Friday Happy Hour
In Nebraska, it is illegal to mix beer and hard liquor. Drinks such as the Irish Car Bomb (take a pint of Guinness, drink an Irish-sized swallow, then fill the space in the glass with Baileys and whiskey and enjoy at your leisure) are therefore the order of the day.
In a nod to the Midwest, may we suggest a Boilermaker: Whiskey, in a glass, plus beer, in a glass. Drink one, then the other. Or, depth-charge the shot of whiskey into the pint, which gives the drink a sloppy frat party feel as the shotglass in your pint falls into your face as you gulp down your extra-strong beer. That is actually the part of the drink that makes it illegal in Nebraska, so do it at least once for liberty's sake. As far as specific ingredients, nobody really cares, although we believe the whiskey and the beer should be the same color. That is to say, cheap on both counts.

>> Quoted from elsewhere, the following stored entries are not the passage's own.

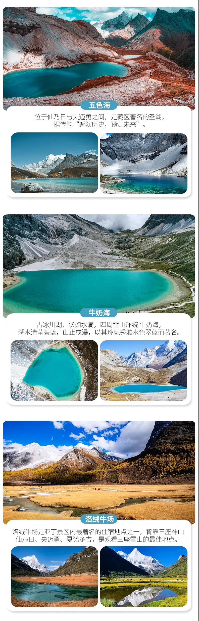 2. 因亞丁景區內無法提供用餐,景區內中餐請自理,游客可提前自備干糧。
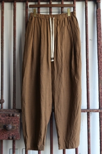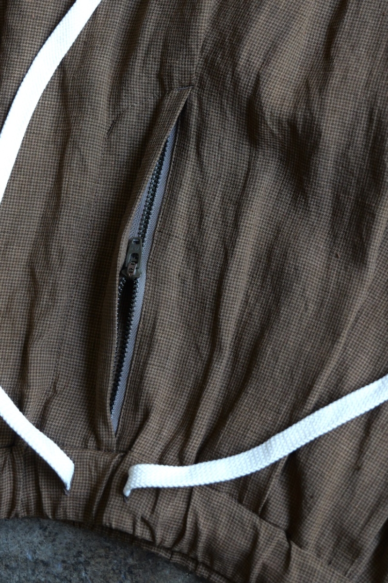 PANTS046. Double Pleated Easy Tapered 80/1 Linen Houndstooth Cloth. Khaki × Dark Khaki. Collection 006. calmlence.
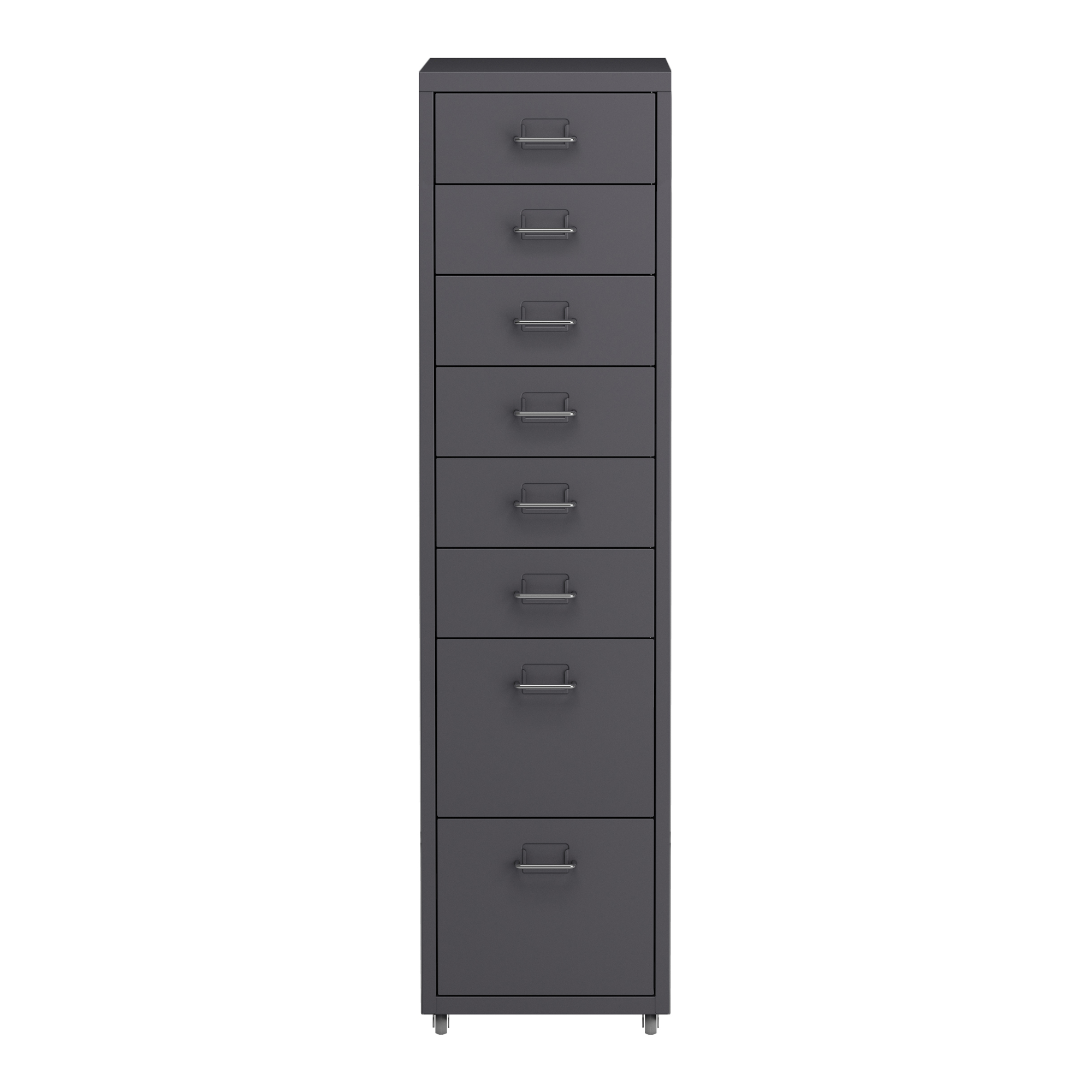 Dulap mobil de birou cu 8 sertare din otel, 109x28x41 cm, gri inchis
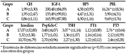 Los ejes corticotropo, las hormonas implicadas en el metabolismo del calcio y las hormonas sexuales, así como el perfil glicémico, perfil lipídico, perfil hepático y perfil bioquímico en general, no presentan diferencias estadísticamente significativas entre grupos. Sí se encontraron diferencias estadísticamente significativas en la PRL, TSH y FT3 de pacientes con acromegaloidismo respecto a los otros grupos. Conclusiones: En el acromegaloidismo existe un aumento significativo en los niveles circulantes de PRL, hay un aumento de la actividad del eje tiroideo de origen central y se observa que los niveles medios de todas las hormonas hipofisarias y de las principales de cada eje aparecen en la zona alta del rango de normalidad.
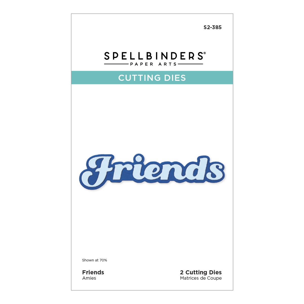 Friends Etched Dies are from the Storytelling by Spellbinders Collection and includes a set of two thin metal cutting dies surrounding the word, Friends. It cuts a big bold font with an outline to help highlight the word more.
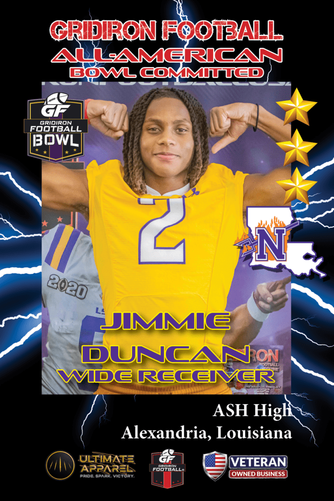 Fresh off leading the Trojans to the Division I (Select) State Championship Game, Alexandria Senior High School (Alexandria, LA) WR Jimmie Duncan has committed to play in the 2024 Gridiron Football All-American Bowl Game.
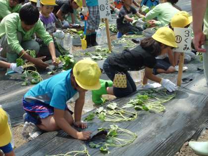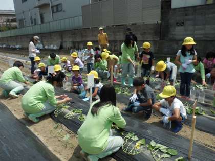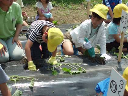 楽しみにしていたさつまいもの苗うえです。桂高校の畑をお借りして,お兄さん,お姉さんと一緒にさつまいもを植えました。植え方や,さつまいものなえについてなどやさしく教えていただきました。「これのどこからさつまいもができるの。」と不思議そうな様子も見られました。これから頑張って水やりに行きましょう。大きなおいもができるといいね。
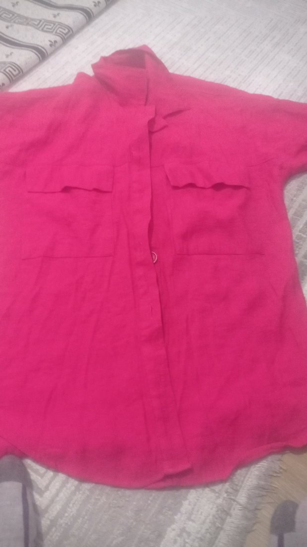 Düğmeli ön cep detaylı, notched lapel yakalı, uzun kollu pembe keten gömlek. Rahat kesim, günlük kullanıma uygun.
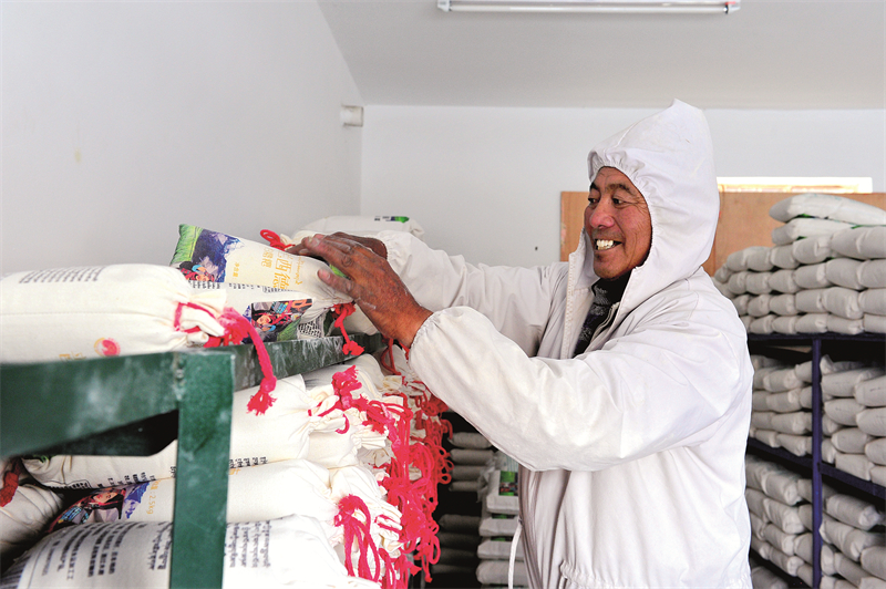 如今,在西德稞原地食品有限公司的帶動(dòng)下,久美拉姆家種的青稞根本不愁銷路。2021年,公司以每畝170斤、一斤2.5元的價(jià)格對(duì)全村青稞進(jìn)行統(tǒng)一收購,每斤收購價(jià)高于市場價(jià)0.5元。同時(shí),在村委會(huì)的統(tǒng)一安排下,久美拉姆每個(gè)月會(huì)去公司上幾天班,除了工資外,年底還能享受到公司的分紅。“公司每年輪流安排村民前來務(wù)工,累計(jì)安排村民235人次,實(shí)現(xiàn)勞務(wù)創(chuàng)收33萬元,人均增收1000元左右?!钡┰鲱D珠介紹,在公司帶動(dòng)下,普蘭全縣推廣種植白青稞3100余畝,參與群眾達(dá)200多戶,實(shí)現(xiàn)群眾增收100萬元,脫貧戶實(shí)現(xiàn)種植收入30多萬元。近年來,隨著西德稞原地食品有限公司不斷發(fā)展壯大,西德村群眾的致富途徑日益寬廣,步入了種植增收、務(wù)工增收、分紅增收等多種增收方式鋪就的康莊大道,形成了以產(chǎn)業(yè)為支撐的長效增收機(jī)制。
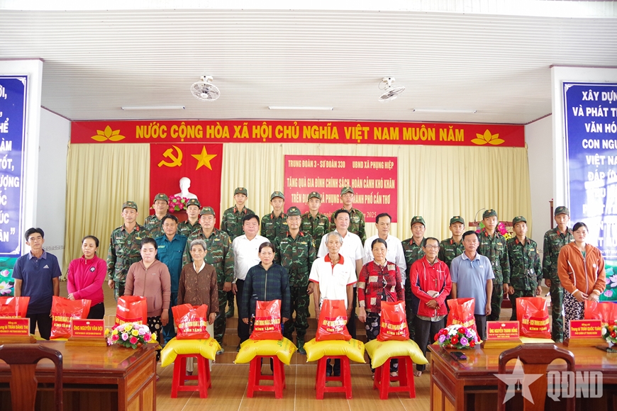 Bên cạnh bỏ ngày công góp sức xây dựng nhà, sửa chữa đường, Trung đoàn 3 còn phối hợp với cấp ủy, chính quyền địa phương tổ chức thăm hỏi, tặng 20 phần quà, tổng trị giá hơn 20 triệu đồng, cho các gia đình chính sách và hộ nghèo, thể hiện rõ tinh thần tri ân và trách nhiệm của người lính đối với nhân dân.
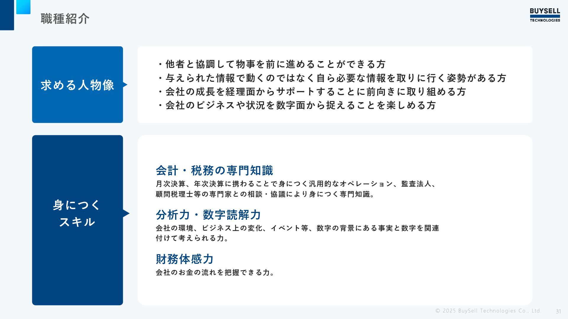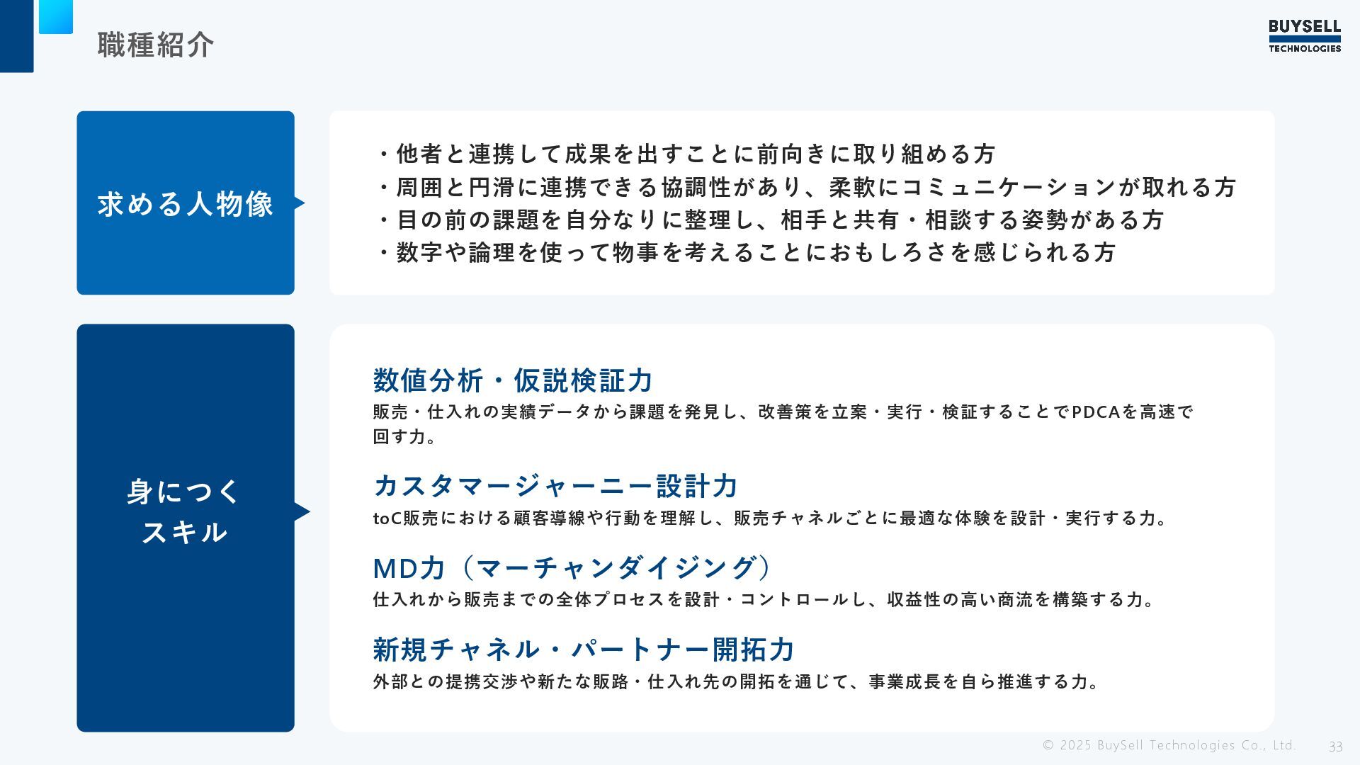 職種紹介 © 2025 BuySell Technologies Co., Ltd. 31 求める人物像 ・他者と協調して物事を前に進めることができる方
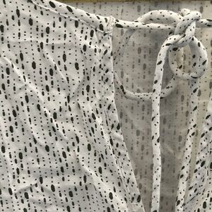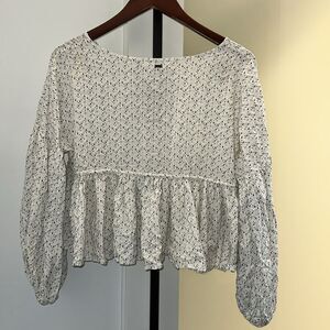 Comfortable and flowy woven long sleeve top that features a front drawstring detail, allover floral print and skimmer length fit.
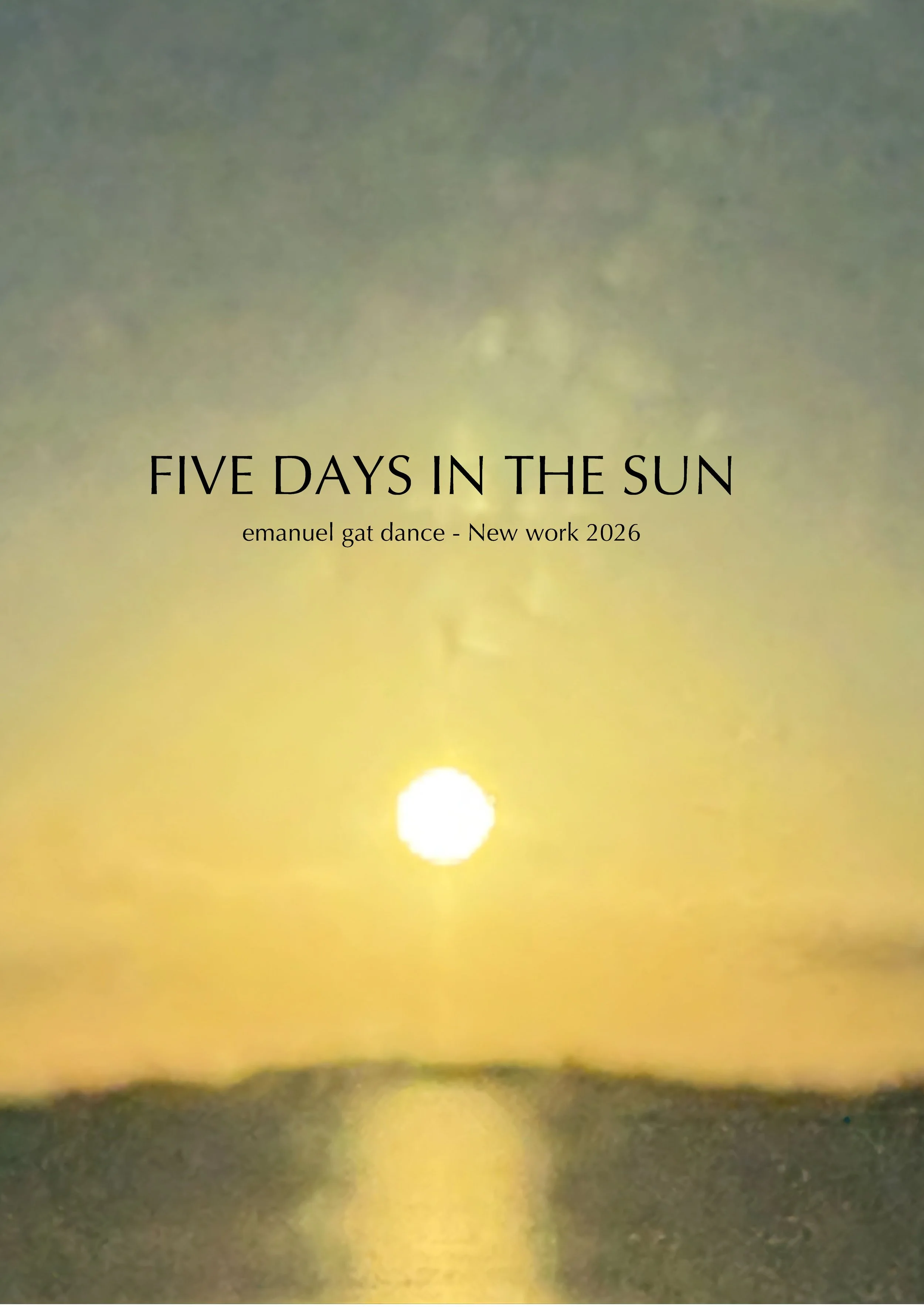 FIVE DAYS IN THE SUN is a work for 12 dancers, developing over five acts and unfolding in an open space governed by a complex and dynamic lighting storyline. The costumes created by polish designer Inez Vicher, add to the layering and richness of this choreographic voyage, exploring transformation, resilience, and catharsis.
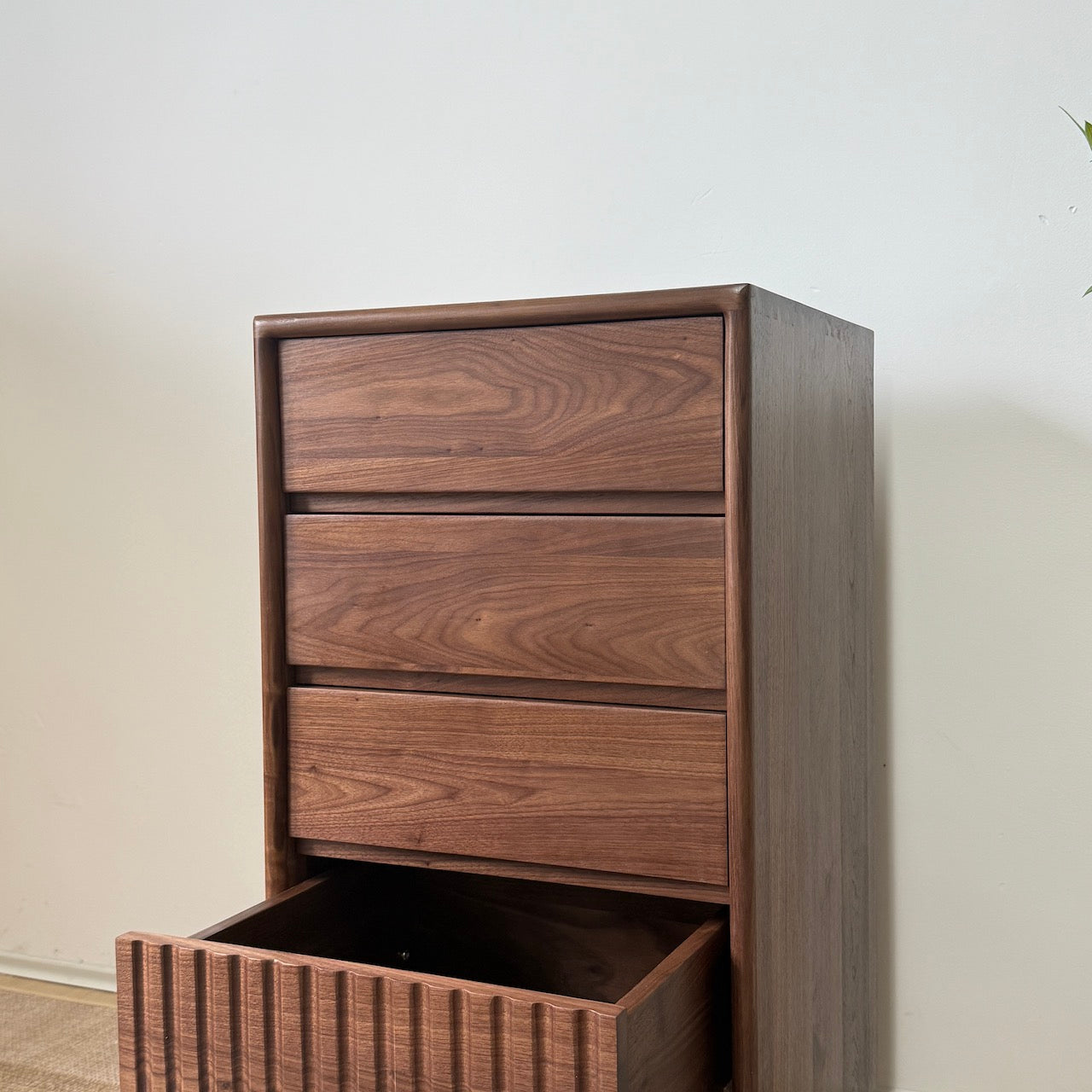 特點:選用北美進口黑胡桃木為材。這款斗櫃融合簡約與實用性,採用高品質木材打造,結構穩固,經久耐用。設計精巧,擁有多層儲物空間,便於整理衣物和雜物,讓家居環境更加整潔有序。表面光滑,易於清潔,適合放置於臥室、客廳或書房,為您的家增添一份現代感與實用價值。

We did a little research for you, dear reader, to see if we could figure out how the name Boilermaker got associated with such a simple drink. According to David Wondrich at Esquire's Drinking Database, "boilermaker" is slang for any industrial metal worker and may have been linked to the drink from the phrase, "a boilermaker and his helper." The drink does represent a crude-but-does-the-job mentality: You can't screw it up, and it gets you drunk. Fast. Another name for the drink is "Block and Fall," referring to the fact that after two of them, you'll walk about a block and fall.